KS-Soft · Post by **KS-Soft** » Tue Apr 17, 2012 6:25 am

Quote from the manual
===============
Check for
SSH test allows you to check result of the command execution in 3 different ways:
1) ...
2) ...
3) Check for Shell Script result
HostMonitor checks output text for specially formatted result string. I.e. result of the command execution should follow the same rules as Shell Script
===============

Requirements to the script:
...
The script or external program must write to stdout (standard output stream) single result string. This string should contain 3 parts separated by colon (:).
First obligatory part - marker "scriptres" tells to HostMonitor or RMA that this string is the result string.
...
Second obligatory part represents the test status, it can take one of the following values (case insensitive):
...
Third optional part contains Reply value, HostMonitor displays this value in Reply field, writes to log files, uses to displays charts (Log Analyzer), etc.

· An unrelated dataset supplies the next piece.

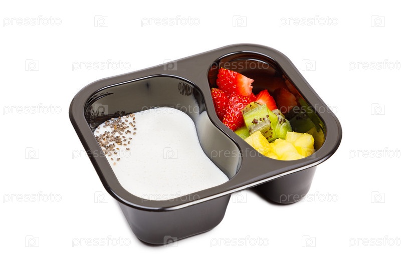 Часть йогуртового десерта с клубникой, киви и ананасом в пластиковой миске
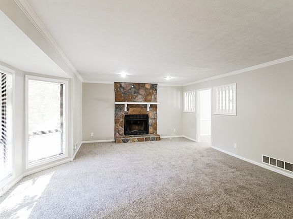 Step inside to a bright and welcoming living room, where a stone mantel fireplace serves as the stunning focal point. Bay windows fill the space with natural light, creating a warm and cozy atmosphere. The dining room features elegant bay windows, a chandelier, and wall trim details that add a touch of sophistication.

If you want Log Analyzer to process Reply values correctly and display charts, use one of the following formats for Reply value:
- decimal_number (like "123", "0", "6456.45". as decimal separator use symbol that is specified on your system, usually a dot (.) or a comma (,))
- decimal_number + space + "Kb" (like "512 Kb", "64 Kb")
- decimal_number + space + "Mb" (like "1024 Mb", "5 Mb")
- decimal_number + space + "Gb" (like "12 Gb", "4 Gb")
- decimal_number + space + "%" (like "50 %", "99 %")
- decimal_number + space + "ms" (like "100 ms", "5400 ms")

In your case script should return string like
scriptres:Ok:50 %
or
scriptres:Bad:88 %

Please check the manual or help file for details
- SSH test
http://www.ks-soft.net/hostmon.eng/mfra ... htm#chkssh
- Shell Script test
http://www.ks-soft.net/hostmon.eng/mfra ... m#chkShell

Regards
Alex

bmekler · Post by **bmekler** » Tue Apr 17, 2012 8:12 am

I'm not sure I can run shell scripts on ESXi remote tech support console. However, I wrote this batch file that runs on the Windows VM where RMA is installed:

set STATUS=Unknown
set DSUTIL=
for /f %%a in ('c:\scripts\plink.exe -ssh root@esx1.domain.local "df | grep '4f460e19' | grep -o [0-9][0-9]%% | grep -o [0-9][0-9]"') do set DSUTIL=%%a
echo %DSUTIL%

if /i %DSUTIL% GTR 80 set STATUS=Bad
if /i %DSUTIL% LEQ 80 set STATUS=Ok
set ERRORLEVEL=scriptres:%STATUS%:%DSUTIL% %%

When I run this batch file from command line, then echo %errorlevel%, it returns the following:

scriptres:Ok:63 %

However, when I plug it into an "External test" check with Hostmonitor, the status is always returned is 'Ok' (even if the script returns 'Bad'), and the value is always 0.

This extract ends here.